Надо понять и принять, что наука по самой своей сути –
недемократическая (вернее – неполиткорректная) сфера человеческой деятельности.
Никакого равенства, но, наоборот, – принципиальное, неустранимое и специально
культивируемое неравенство интеллектуальных способностей; никакого
«демократического централизма» в организации научных исследований не может
быть…
Впрочем, педагогические академики не нашли возможным возражать
(или не нашли что возразить) телеведущему. Но и действительные члены «большой»
РАН, той самой, которая позиционирует себя как оплот научной истины и
рациональности, не избавлены от вируса политкорректности.
7 ноября, выступая на Всероссийском съезде учителей русской
словесности в Московском государственном университете им. М.В. Ломоносова,
ректор МГУ академик Виктор Садовничий предложил изучать в школах
церковнославянский язык, возрождая русские традиции словесности. «Почему бы нам
не начать в школах изучение церковнославянского языка?» – отметил он,
рассказывая об исторических традициях образования в России. Но тут же
поправился, как будто вспомнил, что он – математик по своей научной
специальности: «Речь идет о факультативе». И опять – молчание РАН.
Штабные
эксперты
Замена фундаментального европейского концепта «истинности» на
концепт «политкорректности» приводит и к изменению статуса научного знания.
Сегодня явная или скрытая абсолютизация политкорректности ведет к
маргинализации самого института науки. Если так пойдет и дальше, то в лучшем
случае мы скоро будем иметь политкорректных экспертов и публицистические
произведения, пересыпанные научной терминологией.
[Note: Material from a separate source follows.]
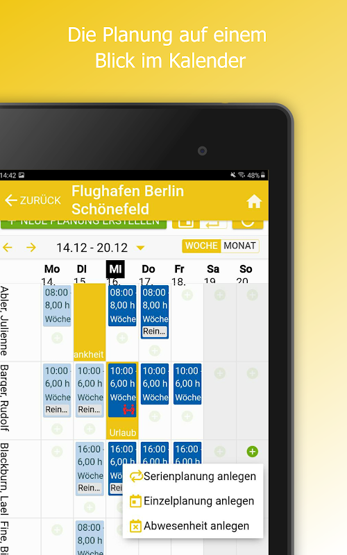 Lokalizacje (obiekty) i pracowników można tworzyć i planować za pomocą aplikacji menedżera.
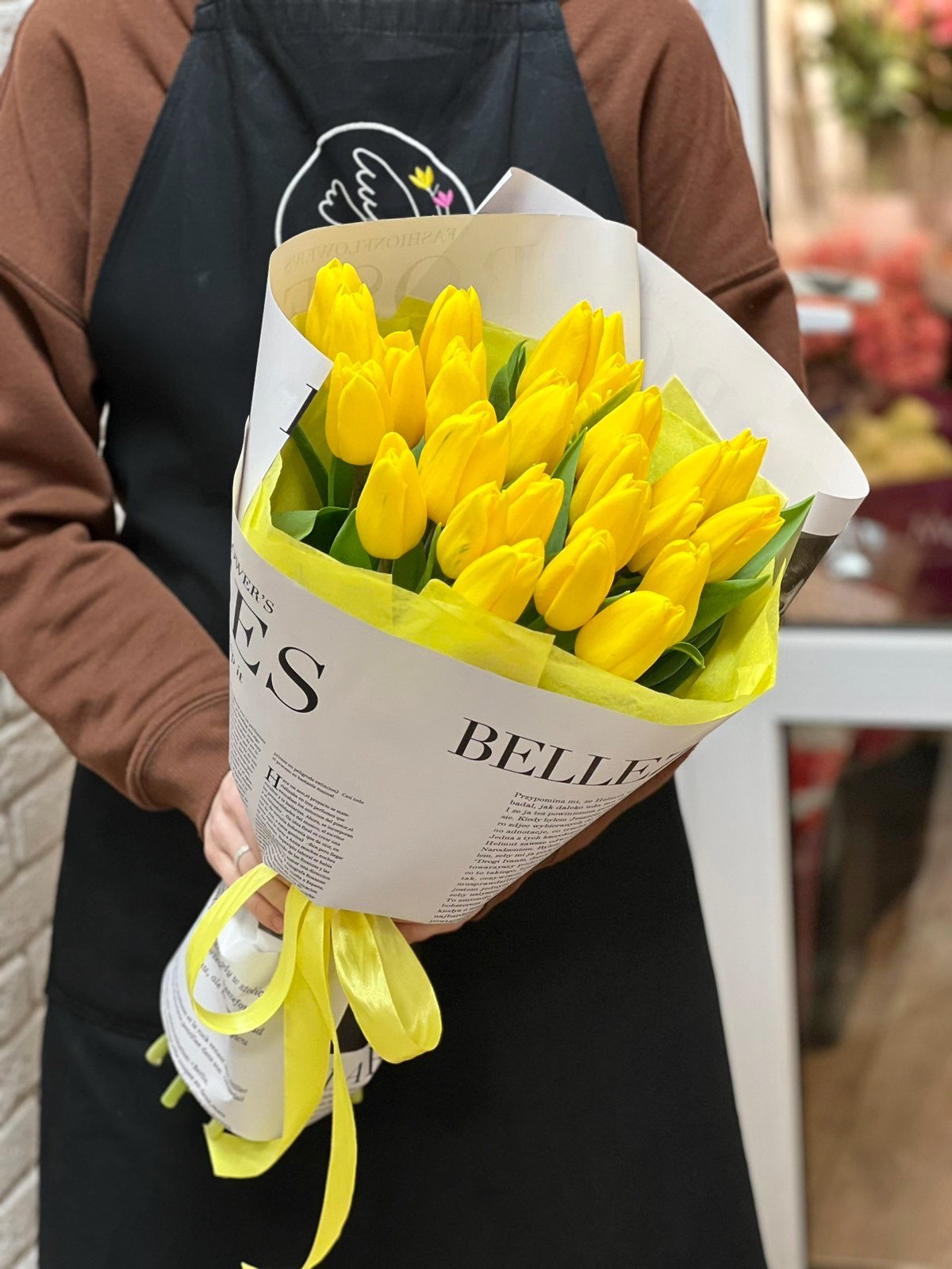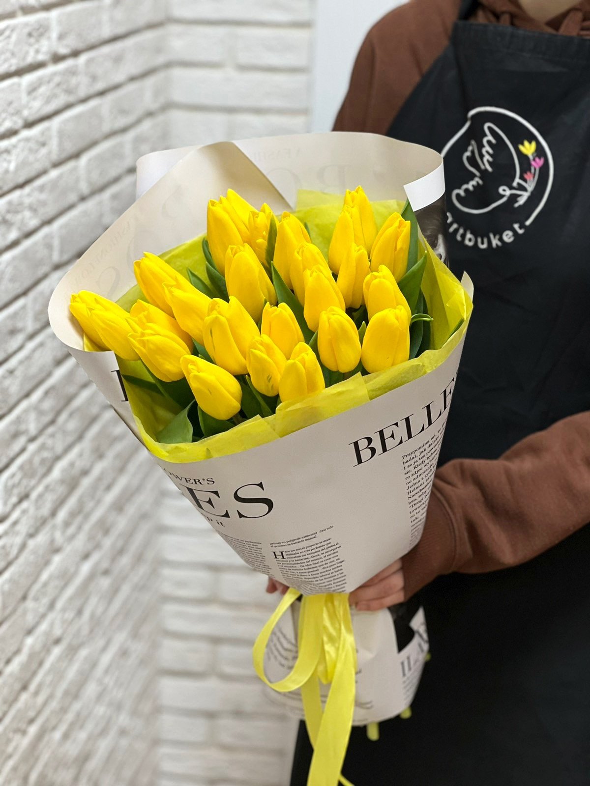Букет из 25 желтых тюльпанов в оформлении

Опять же хороший наглядный пример из реальной практики,
подтверждающий сказанное, дает нам процесс реформирования академической науки в
России. После пяти лет этой «мутации» РАН президент России Владимир Путин
заявил, что хочет, «чтобы Академия наук была именно штабом исследований и
определения перспектив развития науки». То есть сделать РАН сугубо экспертной
организацией.
Возможно, людям в руководстве страны, отвечающим за ГНТП и
готовящим материалы для президента, просто не хватает иронии просвещенного
человека, понимающего, что в качестве клуба, штаба, экспертного сообщества и
пр., и пр. академия бесполезна.
Понятно, что любой хозяйствующий орган по природе своей устроен
так, что ищет применения подведомственному хозяйству. Применения, приносящего
маржу. Что остается в этой ситуации делать собственно Академии наук? И на это
мы найдем ответ в федеральном законе: «Российская академия наук осуществляет
свою деятельность в целях… экспертного научного обеспечения деятельности
органов государственной власти, научно-методического руководства научной и
научно-технической деятельностью научных организаций и образовательных
организаций высшего образования».
И РАН, как может, осуществляет эту свою экспертную деятельность.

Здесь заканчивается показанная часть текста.